Both the Ombudsman and the Court of Appeals found Nicolas administratively liable for grave misconduct, dishonesty, and conduct prejudicial to the best interest of the service.

When Nicolas appealed to the Supreme Court, the High Court still affirmed the findings of administrative liability, but ONLY for dishonesty and grave misconduct. Nicholas was absolved of the administrative charge of conduct prejudicial to the best interest of the service.

What does it truly mean for a public officer to commit “conduct prejudicial to the best interest of the service?”

To answer this, the Supreme Court thoroughly surveyed jurisprudence from way back in 1949 up to the present and it observed a pattern. Those who were found guilty of conduct prejudicial to the best interest of the service, or absolved thereof, were always found to be so in conjunction with other administrative offenses such as dishonesty, negligence, incompetence, misconduct, insubordination, and/or conduct unbecoming of a public official, among others.

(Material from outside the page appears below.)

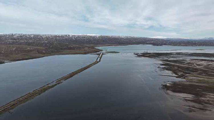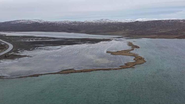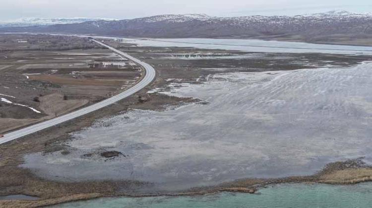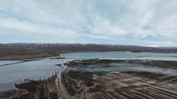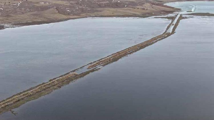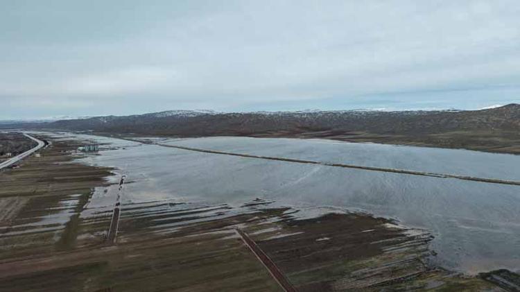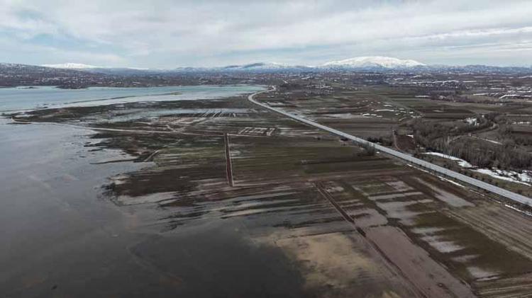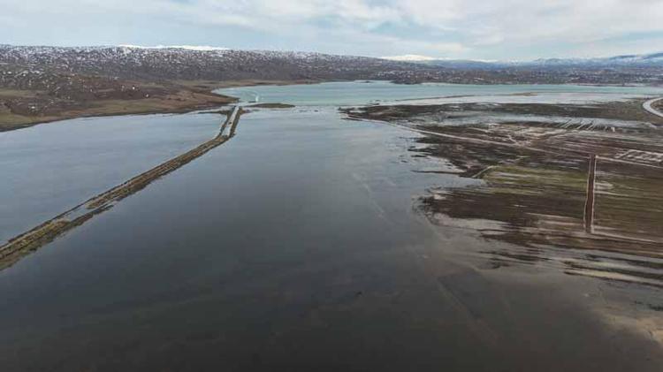 Eriyen kar suları nedeniyle Tödürge Gölü taştı

The Supreme Court noticed that the pattern by which the Court had decided always merged conduct prejudicial to the best interest of the service with one or some other administrative offense.

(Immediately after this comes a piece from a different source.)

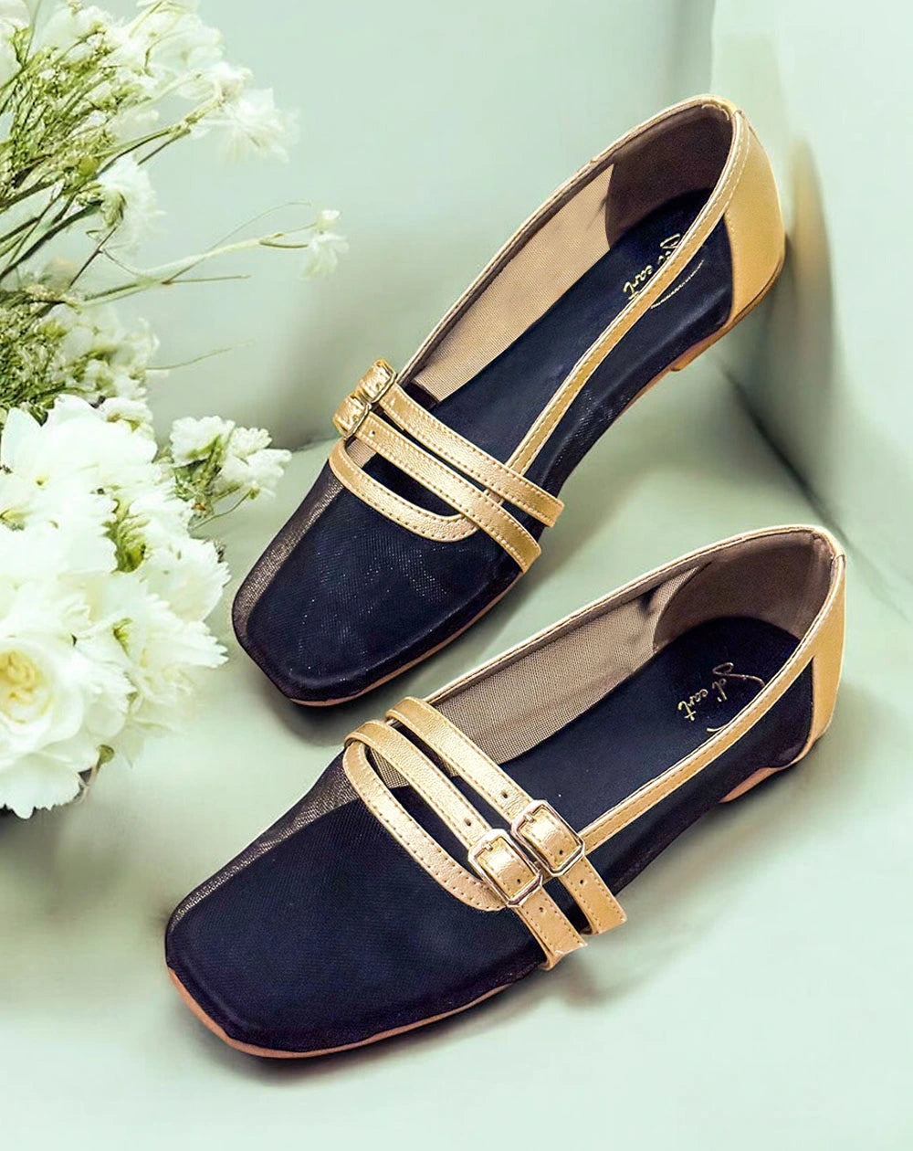Dark, sleek, and endlessly versatile, the Anna Ballerina in black blends timeless grace with a modern edge. The mesh encasing adds texture and intrigue, while two delicate straps keep the look refined. A true wardrobe classic with a bold, contemporary twist.

Deviating from this path, the Supreme Court singled out a few cases that attempted to identify a distinct feature of the administrative offense. The Court noted some: tarnishing the image or integrity of the public service, or acts or omissions violating the norm of public accountability. Notably, the Court emphasized that this specific offense need not be related to or connected with the public officer’s official functions. Thus, the Court concluded that the definition of “conduct prejudicial to the best interest of the service” was broader as it encompassed all transgressions which may put a particular public office in a bad light.

However, despite a clearer definition, the Supreme Court acknowledged that an act or omission that may be considered conduct prejudicial to the best interest of the service can ostensibly fall under one or more of the administrative offenses already found in the Uniform Rules on Administrative Cases in the Civil Service (URACCS) or Revised Rules on Administrative Cases in the Civil Service (RRACCS).

After all, these acts or omissions would always affect, in one way or another, the image or integrity of the public service. Thus, the Court concluded that when erring public officers or employees are found liable for an administrative offense specifically enumerated under the applicable Civil Service Rules, they can no longer be held liable for conduct prejudicial to the best interest of the service for the same act or omission.

This was the reason why Nicolas was not found administratively liable for conduct prejudicial to the best interest of the service. Such was in view of his culpability for grave misconduct and dishonesty.

To guide the bench, the bar, and the public, the Supreme Court adopted guidelines in determining and applying the conduct prejudicial to the best interest of the service in administrative cases. The administrative offense need not be related to the performance of official duty, as long as it tarnished the image or integrity of the public service. But in evaluating such, the act or omission must not already constitute an administrative offense under the URACCS or RRACCS, as applicable.

If the act or omission is an administrative offense specifically under URACCS or RRACCS, then there must no longer be an additional charge of conduct prejudicial to the best interest of the service. But if the act or omission does not or cannot fall under the URACCS or RRACCS, then the charge may be conduct prejudicial to the best interest of the service.